A-DATA S592 128GB SSD Review

by AkG     |     October 25, 2009

Real World Data Transfers


No matter how good a synthetic benchmark like IOMeter or PCMark is, it can not really tell you how your hard drive will perform in “real world” situations. All of us here at Hardware Canucks strive to give you the best, most complete picture of a review item’s true capabilities and to this end we will be running timed data transfers to give you a general idea of how its performance relates to real life use. To help replicate worse case scenarios we will transfer a 4.00GB contiguous RAR file and a folder containg 49 subfolders with a total 2108 files varying in length from 20mb to 1kb (1.00 GB total).

Testing will include transfer to and transferring from the devices, timing each process individually to provide an approximate Read and Write performance. To then stress the dive even more we will then make a copy of the large file to another portion of the same drive and then repeat the process with the small one. This will test the drive to its limits as it will be reading and writing simultaneously. Here is what we found.

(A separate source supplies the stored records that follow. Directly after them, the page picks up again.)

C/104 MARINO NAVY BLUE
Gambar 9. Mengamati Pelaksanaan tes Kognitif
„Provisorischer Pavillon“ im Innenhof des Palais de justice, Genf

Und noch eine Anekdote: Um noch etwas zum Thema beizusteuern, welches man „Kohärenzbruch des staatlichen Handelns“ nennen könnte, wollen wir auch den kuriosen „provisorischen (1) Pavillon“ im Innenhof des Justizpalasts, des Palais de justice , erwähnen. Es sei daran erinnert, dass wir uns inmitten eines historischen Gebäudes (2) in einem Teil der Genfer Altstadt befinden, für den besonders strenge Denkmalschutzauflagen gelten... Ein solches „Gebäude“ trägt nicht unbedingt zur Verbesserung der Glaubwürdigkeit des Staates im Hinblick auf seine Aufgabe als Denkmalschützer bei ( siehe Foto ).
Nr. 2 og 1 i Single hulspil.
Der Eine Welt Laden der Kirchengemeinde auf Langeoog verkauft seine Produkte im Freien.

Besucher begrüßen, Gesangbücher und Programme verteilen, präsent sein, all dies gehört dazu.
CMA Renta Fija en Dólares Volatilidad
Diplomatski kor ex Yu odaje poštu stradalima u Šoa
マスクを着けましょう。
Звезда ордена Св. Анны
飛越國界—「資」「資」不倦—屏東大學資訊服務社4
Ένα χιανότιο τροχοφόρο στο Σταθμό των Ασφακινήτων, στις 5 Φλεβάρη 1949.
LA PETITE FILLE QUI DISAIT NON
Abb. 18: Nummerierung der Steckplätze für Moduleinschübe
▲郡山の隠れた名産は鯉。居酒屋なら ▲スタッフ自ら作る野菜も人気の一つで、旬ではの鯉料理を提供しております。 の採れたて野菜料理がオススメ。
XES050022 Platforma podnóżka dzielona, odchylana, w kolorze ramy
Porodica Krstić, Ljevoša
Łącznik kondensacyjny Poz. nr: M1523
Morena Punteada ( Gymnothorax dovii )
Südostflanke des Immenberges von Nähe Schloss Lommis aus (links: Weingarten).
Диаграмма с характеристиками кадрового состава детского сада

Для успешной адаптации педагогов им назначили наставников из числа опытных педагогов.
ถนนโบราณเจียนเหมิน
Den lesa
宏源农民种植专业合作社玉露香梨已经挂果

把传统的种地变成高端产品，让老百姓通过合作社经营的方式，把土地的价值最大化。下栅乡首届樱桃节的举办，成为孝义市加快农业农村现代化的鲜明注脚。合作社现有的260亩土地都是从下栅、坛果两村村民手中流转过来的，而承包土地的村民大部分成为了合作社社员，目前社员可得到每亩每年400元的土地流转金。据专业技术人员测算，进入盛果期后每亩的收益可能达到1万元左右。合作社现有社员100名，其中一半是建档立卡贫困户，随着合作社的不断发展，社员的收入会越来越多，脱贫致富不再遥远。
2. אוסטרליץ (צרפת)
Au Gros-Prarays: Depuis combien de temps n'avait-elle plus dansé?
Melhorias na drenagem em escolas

Well this is a bit of a dogs breakfast now isn’t it? Except for the occasional silver lining in amongst the storm clouds, these numbers do lag behind the other Indilinx based SSDs we have looked at. Of course, a slightly inferior Indilinx SSD is still better than the majority of the competition.

Real World Stutters


Over a three day period we used the SSD as our main OS drive. During this period we did everything in our power to make the drive stutter. This is what we found out.

As with the all the other Indilinx based drives we have tested, the S592 does not stutter. As we have said in the past, you can however overload the drive, but just like a regular drive your system just becomes slow but will not crash. Of course, if you pile on enough past this point it will then stutter but this is way, way past the point where even an HDD would start to complain.